Well Prelims are near and yet i'm not really feeling the stress.i wonder why..anyway i realised that i actually revise Physics more than my other sciences. MIRACLE OR WHAT? Physics has always been my worse subject *besides A math, Biology, Chemistry etc.oh yeah all of them are my worse subject.*
FOCUS LEE GAO NING FOCUS!!!!!!!
yeah there are alot of things going on in my life now like erm studies, school, studies and school and the list goes on and on...L.S
Can't seem to get bio into my head. like no matter how i try to glue the paper on to my head, it just keep coming off. (btw its ONLY a joke in case no one realise..)
Dedicated to Jailbird: hey i know you are very upset over the scolding matter and i dont really know how to console you but yeah if you need a listening ear, i'm here. Also here to entertain you!!:)
Sad to hear all these lives being torn away. They are still young, their future is bright and god played a joke on them. well hope they will find heaven a nice place to live in cause there will be no worries and it will be peace all day long.

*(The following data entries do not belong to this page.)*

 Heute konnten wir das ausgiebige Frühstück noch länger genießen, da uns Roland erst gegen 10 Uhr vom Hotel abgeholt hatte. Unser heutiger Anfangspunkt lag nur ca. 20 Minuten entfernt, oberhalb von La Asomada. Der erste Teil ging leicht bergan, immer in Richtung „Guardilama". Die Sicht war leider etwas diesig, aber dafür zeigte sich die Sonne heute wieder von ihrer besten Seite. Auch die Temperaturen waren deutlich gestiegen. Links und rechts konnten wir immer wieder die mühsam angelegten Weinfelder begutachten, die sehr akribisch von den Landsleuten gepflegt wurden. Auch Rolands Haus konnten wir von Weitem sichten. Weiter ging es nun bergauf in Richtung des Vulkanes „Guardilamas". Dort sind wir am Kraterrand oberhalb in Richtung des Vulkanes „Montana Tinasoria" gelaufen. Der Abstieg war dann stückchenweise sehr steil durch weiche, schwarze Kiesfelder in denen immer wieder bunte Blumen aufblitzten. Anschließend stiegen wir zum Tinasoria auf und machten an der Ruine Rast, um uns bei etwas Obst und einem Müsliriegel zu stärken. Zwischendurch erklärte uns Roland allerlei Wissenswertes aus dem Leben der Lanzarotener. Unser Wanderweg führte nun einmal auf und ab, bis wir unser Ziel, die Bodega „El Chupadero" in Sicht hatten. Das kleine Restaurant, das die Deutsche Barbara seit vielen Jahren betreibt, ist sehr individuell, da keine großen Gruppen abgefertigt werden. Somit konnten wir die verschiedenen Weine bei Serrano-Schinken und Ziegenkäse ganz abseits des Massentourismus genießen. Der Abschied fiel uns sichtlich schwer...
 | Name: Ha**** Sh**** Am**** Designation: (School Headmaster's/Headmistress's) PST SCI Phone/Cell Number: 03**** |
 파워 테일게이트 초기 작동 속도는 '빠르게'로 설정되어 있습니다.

while ppl out there are worring abt their lives, i am worrying abt my results.(what kind of a human am i??), yeap it is again disastrous and this time i actually thought that the papers were alright but i guess i think wrong.didnt really fail any subjects(though thats nothing to be happy about) but didnt score well either.i dont even have an A.i had a pathetic C for my e-math.can you believe it? its like elementary math and i cant even do well. i might as well go back to kindergarden and learn my basics again.oh well i actually passed my A math. yeap first time.(only for exams.i did pass ok for my tests).i shall work harder and try to get my distinction.but nevertheless, also a bit sad cause i believed that i had put in alot of effort for A math and i still got a C.and yes i passed physics by 0.4. like wow great achievement(i thought i screwed up the paper totally) and yes others scored way way better then me.Lots of them.SAD CASE.
after i get back my results, the first thing that came to my mind is study so hard for what?results still so pathetic.felt like giving up.really.i believed i have actually studied quite hard but in the end, nothing gained. NOTHING VENTURED,NOTHING GAINED should be change to ventured but no gained.
nvm should not give up and PERSEVERANCE IS THE ATTITUDE.thanks to alot of people who encouraged me and offered to teach me if i dont understand anything.really appreciate you guys f0r being there for me. really. and i'm here when you need me as well. always. :)
ok there is also fun stuff going on.went to EXPO with an aim to go to the popular fair but in the end, we went to the adidas fair and the food fair before proceeding to the popular.wanted to buy adidas stuff but too bad didnt bring money(KA CHING) and yes the food fair was amazing.regretted eating long john before going but nvm.Ate alot of samples(abit guilty la cause i really took a lot) but hey, i bought food as well.the chocolate waffle was superb, the popcorn chicken was nice and yes according to someone my legs are suan because i drank lime juice.LS.Singaporeans are really kiasu and especially those aunties,wow its amazing how thick their skin are.LOL mine is also thick as well cause i'm a Singaporean and proud to say so.The place is supper duper 100% plus chop stamp crowded. everyone is squeezing here and there and its like crossing a road with human as the vehicles.but yeah thats part of the fun. finally went to popular to digest before eating some more and bought 4 pens. wanted to buy a storybook but in the end read some cute book about character and whether you are an optismist that kind of thing and yeap we completed the whole book. It was interesting but i wonder whether is is true.should be huh we shall see. :) Went back to food fair and eat again.(i know i'm a glutton thats why i'm FAT at 100%.) No dinner at all and i felt bloated due to all the samples.went home after that and exercise at the exercise corner.seriously i think that exercise corner is more fun than playground. my mum, sis and her FRIEND accompanied me and we went down to play.LOL my mum is damm cute when she's playing with the equipment. no wonder i'm like crazy crazy cause she's crazy crazy as well. genes ah. in the end i injured my arm and its painful. i wonder where it goes wrong, its not like muscle cramp but..i also dont know.
anyway completed bio and 2 articles today.still have (30*2)articles to go.